Script – for community conversations
In the last year we’ve seen a devastating number of Asian people suffer, and die, from Coronavirus. We do not want to see this continue.
If you are of Bangladeshi descent, you are at higher risk of getting Coronavirus - especially if you have a long-term condition such as diabetes, heart disease or respiratory conditions. Our community do suffer from these conditions.
Compared to white British people, the risk of dying from Covid-19 is 1.8 times higher if you are a Bangladeshi or Pakistani man (slightly less if you’re a woman).
The NHS has told us their data already shows that our community is not taking the vaccine – these are our grandparents and our parents, the people who bought us to this country - they’re at risk. I do not want to see them suffer or die.
Our community is receiving lots of information and conspiracy theories from WhatsApp and social media. These messages are not from reputable sources and are scaremongering our elders and putting their lives at risk. We cannot see this continue. It’s our duty to get the facts and help our loved ones make informed decisions.
The NHS is making information available in lots of different languages as leaflets and films, websites can be translated into our community languages. It’s our responsibility to find this information and use it to make the right decision for ourselves and our loved ones who may need our advice.
I know our community has lots of questions about the vaccine, so I want to answer a few key ones:
What ingredients does the vaccine contain?
The approved COVID-19 vaccines do not contain any animal products or egg. The Department of Health and social Care (DHSC) has engaged with faith/vegetarian/vegan groups on vaccine components. They have met with faith leaders and the Moral and Ethical Advisory Group (MEAG), on COVID-19 immunisation and sought consideration of how best to clearly communicate about potential COVID-19 vaccines candidates.

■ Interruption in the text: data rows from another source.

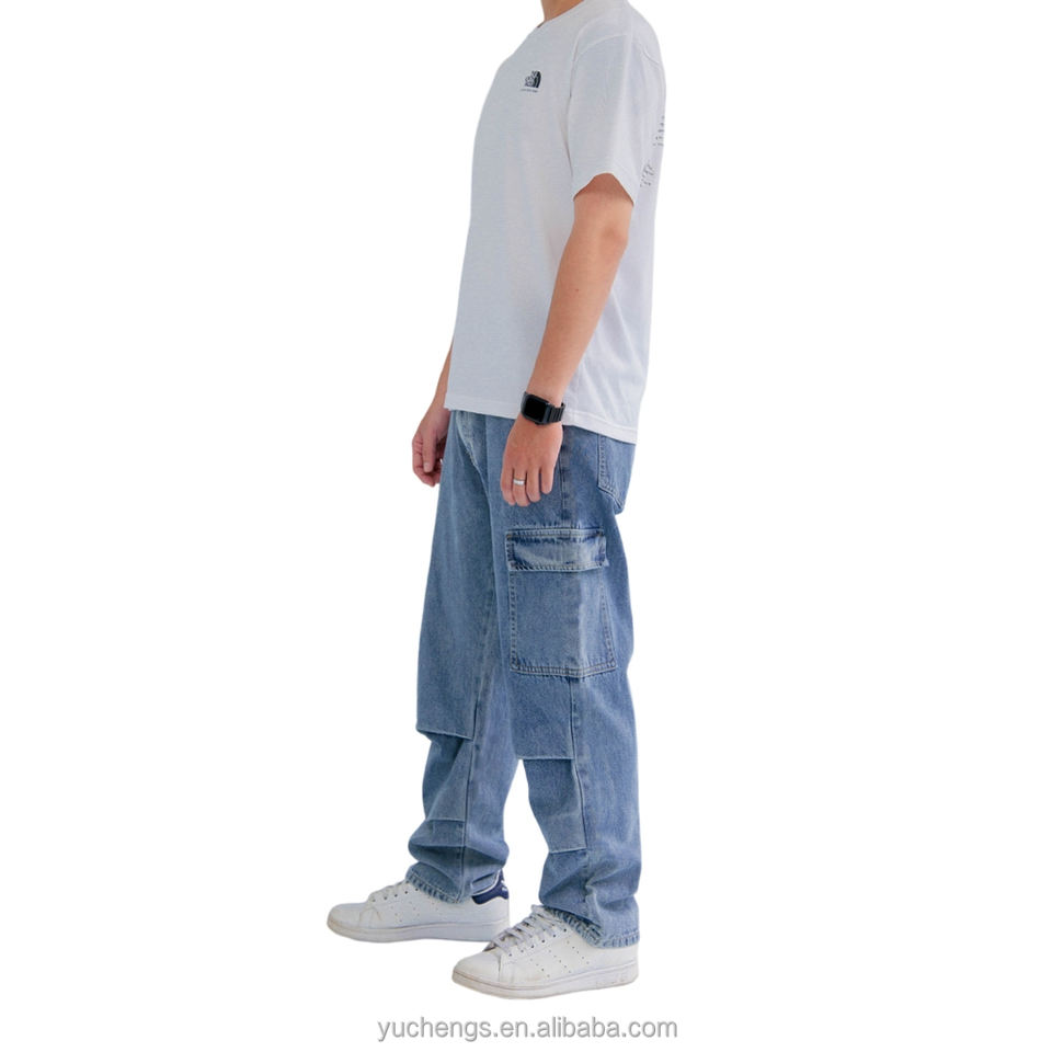 Customizable Men's Black Denim Hip Hop Casual Streetwear Wide-Leg Cargo Pants Elastic Waistband Breathable Summer Autumn Spandex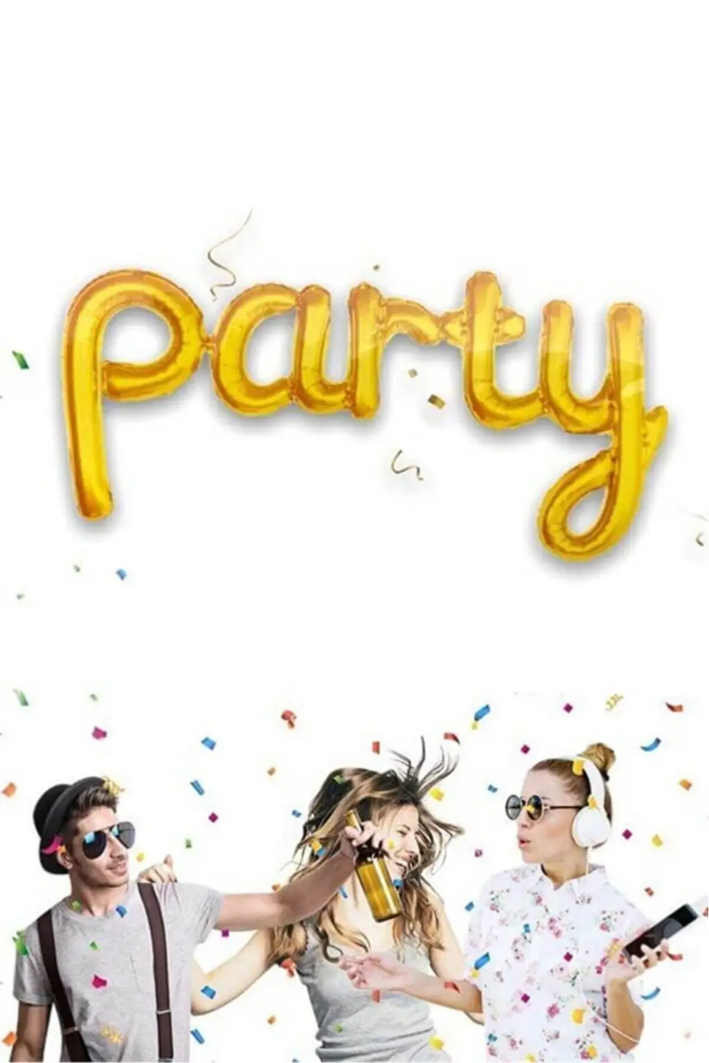 Party Yazılı Birleşik Gold Renk Folyo Balon 100cm Parti Balonu Süslemesi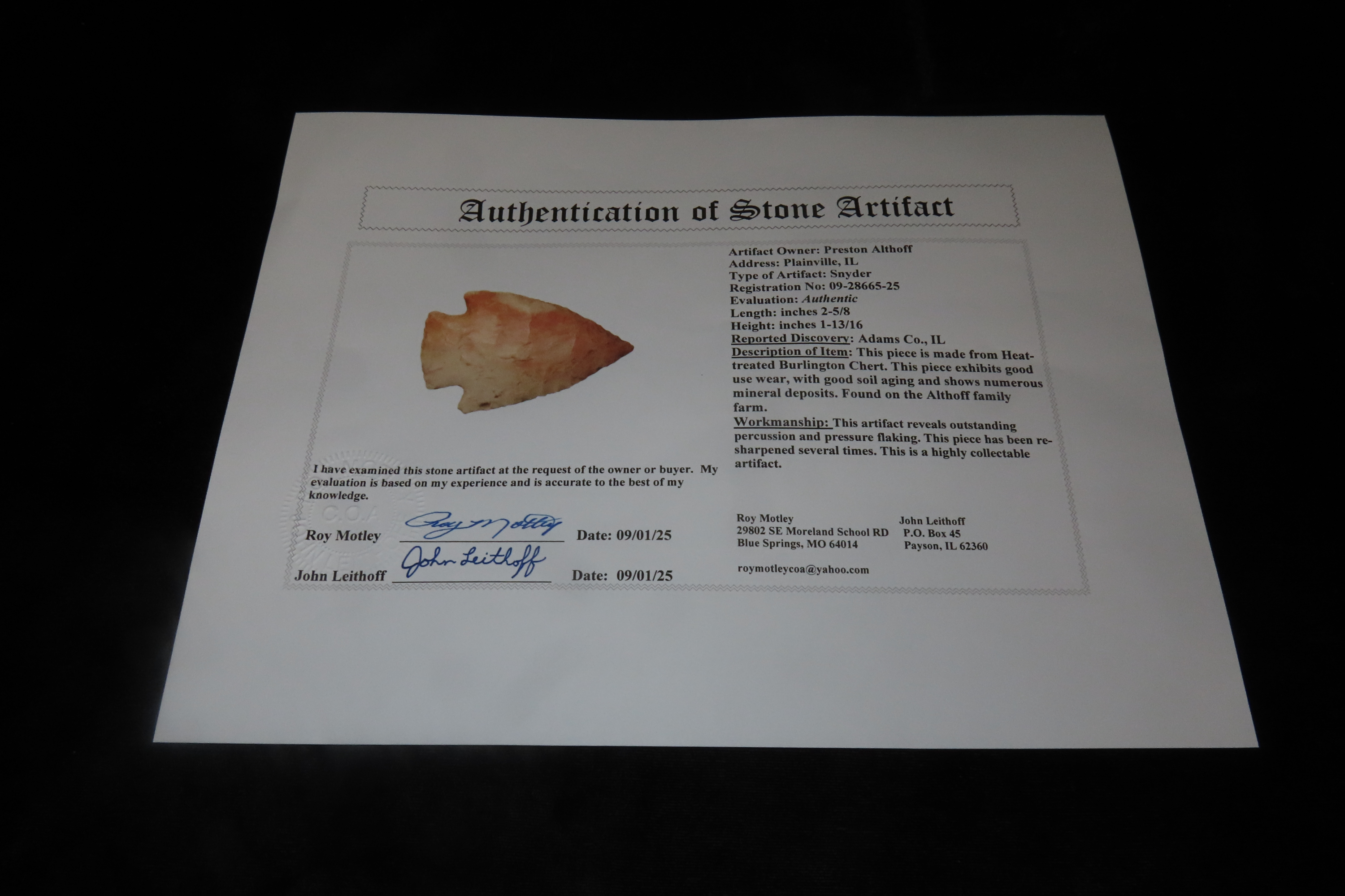 2 5/8″ x 1 13/16″ Synder, Motley COA, Adams Co. IL, Found on the Althoff Family Farm

The MHRA has confirmed that the COVID-19 Vaccine AstraZeneca and Pfizer/BioNTech COVID-19 vaccine do not contain any components of animal origin.
A full list of ingredients for the qualitative and quantitative composition of the vaccine can be found at point 2 in the Information for Healthcare Professionals of COVID-19 Vaccine AstraZeneca.
A full list of ingredients for the excipient composition of the vaccine can be found at point 6.1 in the Information for Healthcare Professionals of COVID-19 Vaccine AstraZeneca.
A full list of ingredients for the qualitative and quantitative composition of the vaccine and a full list of the excipient composition of the vaccine can be found at point 6 in the Information for Recipients of COVID-19 Vaccine AstraZeneca.
Can I Have a vaccination during Ramadan?
The British Muslim Council has confirmed that receiving the COVID-19 vaccines currently licensed in the UK will not invalidate the fast. Therefore, individuals should not delay their Covid-19 vaccinations on the account of Ramadan.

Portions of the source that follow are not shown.